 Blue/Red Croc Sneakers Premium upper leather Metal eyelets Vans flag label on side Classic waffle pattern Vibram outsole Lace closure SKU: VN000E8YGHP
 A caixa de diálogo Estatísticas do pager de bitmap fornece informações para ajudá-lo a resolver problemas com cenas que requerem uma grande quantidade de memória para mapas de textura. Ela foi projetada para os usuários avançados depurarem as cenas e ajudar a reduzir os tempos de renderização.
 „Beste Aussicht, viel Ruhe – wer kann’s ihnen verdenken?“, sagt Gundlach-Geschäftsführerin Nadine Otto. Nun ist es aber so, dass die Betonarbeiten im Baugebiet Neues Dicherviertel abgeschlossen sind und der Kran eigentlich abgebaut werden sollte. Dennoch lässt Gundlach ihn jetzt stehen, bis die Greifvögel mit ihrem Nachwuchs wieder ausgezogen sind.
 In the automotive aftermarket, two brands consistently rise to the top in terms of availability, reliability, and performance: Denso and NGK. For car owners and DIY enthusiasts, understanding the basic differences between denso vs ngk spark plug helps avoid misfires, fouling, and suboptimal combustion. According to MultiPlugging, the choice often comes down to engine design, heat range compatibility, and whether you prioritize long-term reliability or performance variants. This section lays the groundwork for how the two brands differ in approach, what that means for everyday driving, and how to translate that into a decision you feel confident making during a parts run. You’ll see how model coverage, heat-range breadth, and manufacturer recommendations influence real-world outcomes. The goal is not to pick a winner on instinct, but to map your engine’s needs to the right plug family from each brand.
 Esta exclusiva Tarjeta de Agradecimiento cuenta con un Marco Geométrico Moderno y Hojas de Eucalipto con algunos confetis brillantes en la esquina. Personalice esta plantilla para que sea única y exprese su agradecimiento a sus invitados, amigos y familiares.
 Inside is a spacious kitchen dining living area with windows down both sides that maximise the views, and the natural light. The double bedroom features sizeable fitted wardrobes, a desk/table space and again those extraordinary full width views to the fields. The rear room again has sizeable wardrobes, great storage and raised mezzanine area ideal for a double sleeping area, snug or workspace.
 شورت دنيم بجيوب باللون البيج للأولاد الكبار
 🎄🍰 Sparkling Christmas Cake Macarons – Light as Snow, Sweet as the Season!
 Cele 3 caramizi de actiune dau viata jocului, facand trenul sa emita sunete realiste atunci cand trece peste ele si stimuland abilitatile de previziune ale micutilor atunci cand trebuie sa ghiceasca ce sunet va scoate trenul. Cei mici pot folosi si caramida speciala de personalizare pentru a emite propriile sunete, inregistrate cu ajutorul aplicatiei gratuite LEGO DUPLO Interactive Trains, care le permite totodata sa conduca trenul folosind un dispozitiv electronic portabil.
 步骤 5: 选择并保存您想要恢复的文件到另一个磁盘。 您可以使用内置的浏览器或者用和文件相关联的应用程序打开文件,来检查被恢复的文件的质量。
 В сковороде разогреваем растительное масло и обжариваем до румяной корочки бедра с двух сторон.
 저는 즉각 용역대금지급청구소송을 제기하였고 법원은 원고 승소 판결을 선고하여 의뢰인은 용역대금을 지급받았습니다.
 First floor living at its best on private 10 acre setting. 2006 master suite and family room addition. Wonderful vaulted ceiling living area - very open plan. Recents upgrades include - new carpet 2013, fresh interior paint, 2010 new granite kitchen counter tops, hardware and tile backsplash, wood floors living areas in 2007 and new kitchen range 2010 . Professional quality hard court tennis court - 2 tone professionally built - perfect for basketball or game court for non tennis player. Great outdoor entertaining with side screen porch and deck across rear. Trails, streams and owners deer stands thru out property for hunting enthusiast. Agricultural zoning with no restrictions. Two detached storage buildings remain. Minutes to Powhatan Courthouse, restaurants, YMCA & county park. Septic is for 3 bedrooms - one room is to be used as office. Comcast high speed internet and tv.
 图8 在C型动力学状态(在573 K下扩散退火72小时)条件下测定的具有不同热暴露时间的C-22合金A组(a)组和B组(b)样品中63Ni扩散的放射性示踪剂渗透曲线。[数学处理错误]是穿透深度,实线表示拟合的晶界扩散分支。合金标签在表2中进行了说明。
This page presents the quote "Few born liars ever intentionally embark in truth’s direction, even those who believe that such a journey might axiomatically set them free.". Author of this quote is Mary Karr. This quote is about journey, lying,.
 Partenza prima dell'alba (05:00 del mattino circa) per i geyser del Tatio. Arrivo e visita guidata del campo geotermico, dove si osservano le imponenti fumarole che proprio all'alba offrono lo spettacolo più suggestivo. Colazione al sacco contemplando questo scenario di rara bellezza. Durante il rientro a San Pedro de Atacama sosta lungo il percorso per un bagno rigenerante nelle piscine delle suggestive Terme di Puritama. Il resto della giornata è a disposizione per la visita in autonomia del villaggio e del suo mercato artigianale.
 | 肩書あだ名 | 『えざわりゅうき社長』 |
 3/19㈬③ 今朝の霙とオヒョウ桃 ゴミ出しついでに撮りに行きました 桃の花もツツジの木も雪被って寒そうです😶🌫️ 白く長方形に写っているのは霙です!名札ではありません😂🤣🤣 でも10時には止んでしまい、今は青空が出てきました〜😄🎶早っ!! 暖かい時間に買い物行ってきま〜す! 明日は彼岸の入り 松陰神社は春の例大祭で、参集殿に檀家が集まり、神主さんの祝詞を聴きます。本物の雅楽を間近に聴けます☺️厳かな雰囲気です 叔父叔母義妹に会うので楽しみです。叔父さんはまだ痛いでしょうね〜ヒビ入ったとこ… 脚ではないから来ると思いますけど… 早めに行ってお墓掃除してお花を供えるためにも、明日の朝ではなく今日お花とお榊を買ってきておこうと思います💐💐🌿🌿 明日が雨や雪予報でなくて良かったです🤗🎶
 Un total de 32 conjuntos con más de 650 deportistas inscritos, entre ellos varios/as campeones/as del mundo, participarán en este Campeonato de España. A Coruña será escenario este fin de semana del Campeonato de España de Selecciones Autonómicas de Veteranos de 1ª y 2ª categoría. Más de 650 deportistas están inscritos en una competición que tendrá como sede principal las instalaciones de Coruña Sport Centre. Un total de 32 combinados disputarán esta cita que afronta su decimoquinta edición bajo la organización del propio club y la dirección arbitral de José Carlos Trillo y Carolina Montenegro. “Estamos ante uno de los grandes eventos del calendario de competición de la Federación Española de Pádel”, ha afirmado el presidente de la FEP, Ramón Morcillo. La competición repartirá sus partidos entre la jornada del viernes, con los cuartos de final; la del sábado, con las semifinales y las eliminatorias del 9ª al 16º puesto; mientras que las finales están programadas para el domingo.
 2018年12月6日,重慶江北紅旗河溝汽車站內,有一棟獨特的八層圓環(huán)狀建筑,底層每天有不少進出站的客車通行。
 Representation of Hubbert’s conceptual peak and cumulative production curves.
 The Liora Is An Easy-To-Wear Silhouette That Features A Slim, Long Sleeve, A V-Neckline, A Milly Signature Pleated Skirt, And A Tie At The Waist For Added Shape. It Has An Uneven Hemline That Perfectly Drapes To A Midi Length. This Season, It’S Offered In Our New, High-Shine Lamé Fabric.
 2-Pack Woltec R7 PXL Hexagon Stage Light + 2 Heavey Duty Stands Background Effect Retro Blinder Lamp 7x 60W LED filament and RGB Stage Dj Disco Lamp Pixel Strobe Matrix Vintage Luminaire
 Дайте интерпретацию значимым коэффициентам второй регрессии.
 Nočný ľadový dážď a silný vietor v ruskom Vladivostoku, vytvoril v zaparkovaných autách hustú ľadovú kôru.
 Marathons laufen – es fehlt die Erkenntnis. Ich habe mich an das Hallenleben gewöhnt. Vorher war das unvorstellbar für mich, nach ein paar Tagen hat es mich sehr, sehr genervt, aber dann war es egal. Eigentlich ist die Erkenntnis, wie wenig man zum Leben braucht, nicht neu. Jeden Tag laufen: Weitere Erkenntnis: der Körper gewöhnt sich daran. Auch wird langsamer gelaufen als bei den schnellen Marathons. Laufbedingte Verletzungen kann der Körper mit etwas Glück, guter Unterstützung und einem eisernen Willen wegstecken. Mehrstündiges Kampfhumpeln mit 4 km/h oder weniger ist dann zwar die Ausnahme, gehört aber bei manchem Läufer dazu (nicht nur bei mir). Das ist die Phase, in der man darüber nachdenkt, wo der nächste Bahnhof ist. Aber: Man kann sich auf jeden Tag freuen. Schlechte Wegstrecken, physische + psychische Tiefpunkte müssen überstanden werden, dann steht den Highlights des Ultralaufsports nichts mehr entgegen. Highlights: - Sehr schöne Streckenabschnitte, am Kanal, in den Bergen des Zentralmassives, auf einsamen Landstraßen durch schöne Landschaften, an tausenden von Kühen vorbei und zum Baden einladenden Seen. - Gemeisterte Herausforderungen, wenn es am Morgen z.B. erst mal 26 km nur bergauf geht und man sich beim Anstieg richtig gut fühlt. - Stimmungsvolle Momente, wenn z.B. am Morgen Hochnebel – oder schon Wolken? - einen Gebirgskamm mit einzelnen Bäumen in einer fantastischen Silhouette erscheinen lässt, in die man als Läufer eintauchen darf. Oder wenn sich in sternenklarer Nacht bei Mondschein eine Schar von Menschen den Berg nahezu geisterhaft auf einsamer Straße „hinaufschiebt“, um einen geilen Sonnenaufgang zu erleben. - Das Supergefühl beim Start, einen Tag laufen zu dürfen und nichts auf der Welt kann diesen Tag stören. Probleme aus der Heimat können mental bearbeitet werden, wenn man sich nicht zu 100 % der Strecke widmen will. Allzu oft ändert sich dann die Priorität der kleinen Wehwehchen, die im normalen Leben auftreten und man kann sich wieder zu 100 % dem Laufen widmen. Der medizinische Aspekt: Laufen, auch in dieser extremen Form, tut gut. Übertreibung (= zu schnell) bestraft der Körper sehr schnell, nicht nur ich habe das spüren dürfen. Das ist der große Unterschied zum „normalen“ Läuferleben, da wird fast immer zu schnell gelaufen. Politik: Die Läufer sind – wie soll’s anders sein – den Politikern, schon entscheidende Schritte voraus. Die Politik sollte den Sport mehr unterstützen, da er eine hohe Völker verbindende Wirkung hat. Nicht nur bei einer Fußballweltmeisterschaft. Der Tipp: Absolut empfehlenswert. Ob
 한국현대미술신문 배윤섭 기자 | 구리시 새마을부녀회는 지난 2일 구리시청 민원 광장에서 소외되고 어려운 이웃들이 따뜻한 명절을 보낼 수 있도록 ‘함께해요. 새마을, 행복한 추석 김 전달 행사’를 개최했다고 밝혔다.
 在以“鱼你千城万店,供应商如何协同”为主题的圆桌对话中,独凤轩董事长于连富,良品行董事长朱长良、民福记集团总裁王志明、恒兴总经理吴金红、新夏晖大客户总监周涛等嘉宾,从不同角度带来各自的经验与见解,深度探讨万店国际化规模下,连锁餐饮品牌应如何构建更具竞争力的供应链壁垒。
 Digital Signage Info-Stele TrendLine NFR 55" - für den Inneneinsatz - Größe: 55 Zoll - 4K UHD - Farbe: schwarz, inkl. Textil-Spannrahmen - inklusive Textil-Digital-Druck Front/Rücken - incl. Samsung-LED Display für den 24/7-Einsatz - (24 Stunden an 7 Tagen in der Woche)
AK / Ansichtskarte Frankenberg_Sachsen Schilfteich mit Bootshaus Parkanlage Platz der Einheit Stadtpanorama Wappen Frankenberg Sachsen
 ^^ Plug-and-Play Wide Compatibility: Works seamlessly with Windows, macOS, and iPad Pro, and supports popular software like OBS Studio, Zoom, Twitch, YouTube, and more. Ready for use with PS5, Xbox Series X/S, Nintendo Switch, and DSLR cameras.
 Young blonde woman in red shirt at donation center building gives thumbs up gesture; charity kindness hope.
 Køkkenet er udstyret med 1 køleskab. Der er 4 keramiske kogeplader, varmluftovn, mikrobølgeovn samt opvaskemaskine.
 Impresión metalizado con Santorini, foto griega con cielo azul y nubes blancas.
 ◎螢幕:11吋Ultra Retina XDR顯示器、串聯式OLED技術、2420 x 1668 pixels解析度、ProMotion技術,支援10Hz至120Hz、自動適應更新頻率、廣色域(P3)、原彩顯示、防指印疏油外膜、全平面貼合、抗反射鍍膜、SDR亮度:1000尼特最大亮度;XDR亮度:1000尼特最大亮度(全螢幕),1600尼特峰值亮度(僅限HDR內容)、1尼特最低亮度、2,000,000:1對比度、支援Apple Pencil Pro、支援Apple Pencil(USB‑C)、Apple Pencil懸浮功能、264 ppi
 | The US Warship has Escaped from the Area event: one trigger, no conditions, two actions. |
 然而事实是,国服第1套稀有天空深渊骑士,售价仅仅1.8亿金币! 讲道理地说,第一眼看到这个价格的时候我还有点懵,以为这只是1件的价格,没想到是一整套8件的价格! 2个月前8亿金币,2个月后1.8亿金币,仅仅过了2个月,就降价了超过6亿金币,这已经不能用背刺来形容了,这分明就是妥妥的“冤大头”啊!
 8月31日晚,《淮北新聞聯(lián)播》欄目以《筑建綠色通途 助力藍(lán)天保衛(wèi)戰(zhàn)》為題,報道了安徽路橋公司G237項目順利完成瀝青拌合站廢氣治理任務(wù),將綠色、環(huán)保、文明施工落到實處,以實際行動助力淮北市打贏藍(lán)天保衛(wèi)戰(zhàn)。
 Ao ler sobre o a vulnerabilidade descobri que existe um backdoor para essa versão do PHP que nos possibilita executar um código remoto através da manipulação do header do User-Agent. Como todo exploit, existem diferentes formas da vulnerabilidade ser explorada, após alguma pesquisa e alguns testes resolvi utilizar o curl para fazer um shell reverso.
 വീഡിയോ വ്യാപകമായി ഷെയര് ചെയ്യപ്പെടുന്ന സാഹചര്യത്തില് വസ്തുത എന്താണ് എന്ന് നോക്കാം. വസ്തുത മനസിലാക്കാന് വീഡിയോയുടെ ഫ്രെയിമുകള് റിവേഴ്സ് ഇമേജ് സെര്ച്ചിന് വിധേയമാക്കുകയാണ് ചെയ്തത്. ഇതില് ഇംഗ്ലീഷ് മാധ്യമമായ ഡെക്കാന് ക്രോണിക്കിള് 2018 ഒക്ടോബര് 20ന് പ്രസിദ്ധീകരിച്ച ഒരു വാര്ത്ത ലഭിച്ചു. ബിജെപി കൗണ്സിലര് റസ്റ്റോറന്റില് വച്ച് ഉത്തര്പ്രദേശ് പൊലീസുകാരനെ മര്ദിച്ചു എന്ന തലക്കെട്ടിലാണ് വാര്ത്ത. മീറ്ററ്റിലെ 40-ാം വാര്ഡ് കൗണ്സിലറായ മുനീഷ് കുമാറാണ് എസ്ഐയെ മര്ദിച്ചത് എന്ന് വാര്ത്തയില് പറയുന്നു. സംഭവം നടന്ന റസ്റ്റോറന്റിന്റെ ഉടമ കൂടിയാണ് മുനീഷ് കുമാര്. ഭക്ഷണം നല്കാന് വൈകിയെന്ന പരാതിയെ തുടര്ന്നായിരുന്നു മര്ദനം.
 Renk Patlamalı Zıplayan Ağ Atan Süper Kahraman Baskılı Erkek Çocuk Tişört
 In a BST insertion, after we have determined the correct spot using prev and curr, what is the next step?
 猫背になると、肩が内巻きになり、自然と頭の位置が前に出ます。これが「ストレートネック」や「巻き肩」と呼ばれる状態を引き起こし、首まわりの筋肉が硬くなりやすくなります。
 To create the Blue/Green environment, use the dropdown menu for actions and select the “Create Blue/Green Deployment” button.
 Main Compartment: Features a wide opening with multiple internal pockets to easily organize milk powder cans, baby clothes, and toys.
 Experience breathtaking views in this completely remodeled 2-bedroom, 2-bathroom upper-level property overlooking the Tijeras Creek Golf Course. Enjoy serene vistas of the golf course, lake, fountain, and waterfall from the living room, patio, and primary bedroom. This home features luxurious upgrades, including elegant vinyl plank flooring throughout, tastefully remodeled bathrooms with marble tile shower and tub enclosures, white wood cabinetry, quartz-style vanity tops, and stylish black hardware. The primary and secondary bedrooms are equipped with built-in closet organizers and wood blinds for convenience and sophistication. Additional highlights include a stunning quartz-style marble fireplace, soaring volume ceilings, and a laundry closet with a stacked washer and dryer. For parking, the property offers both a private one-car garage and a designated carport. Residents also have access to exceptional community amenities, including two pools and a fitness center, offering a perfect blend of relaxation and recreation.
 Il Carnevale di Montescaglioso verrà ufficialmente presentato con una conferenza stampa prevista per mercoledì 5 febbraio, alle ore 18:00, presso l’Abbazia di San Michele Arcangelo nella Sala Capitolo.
::::
PROBLEM TO SOLVE:
Whenever the word "huán" turns up in a line of the listing above, copy the line.

EXERCISE ANSWER:
 2018年12月6日,重慶江北紅旗河溝汽車站內,有一棟獨特的八層圓環(huán)狀建筑,底層每天有不少進出站的客車通行。
 8月31日晚,《淮北新聞聯(lián)播》欄目以《筑建綠色通途 助力藍(lán)天保衛(wèi)戰(zhàn)》為題,報道了安徽路橋公司G237項目順利完成瀝青拌合站廢氣治理任務(wù),將綠色、環(huán)保、文明施工落到實處,以實際行動助力淮北市打贏藍(lán)天保衛(wèi)戰(zhàn)。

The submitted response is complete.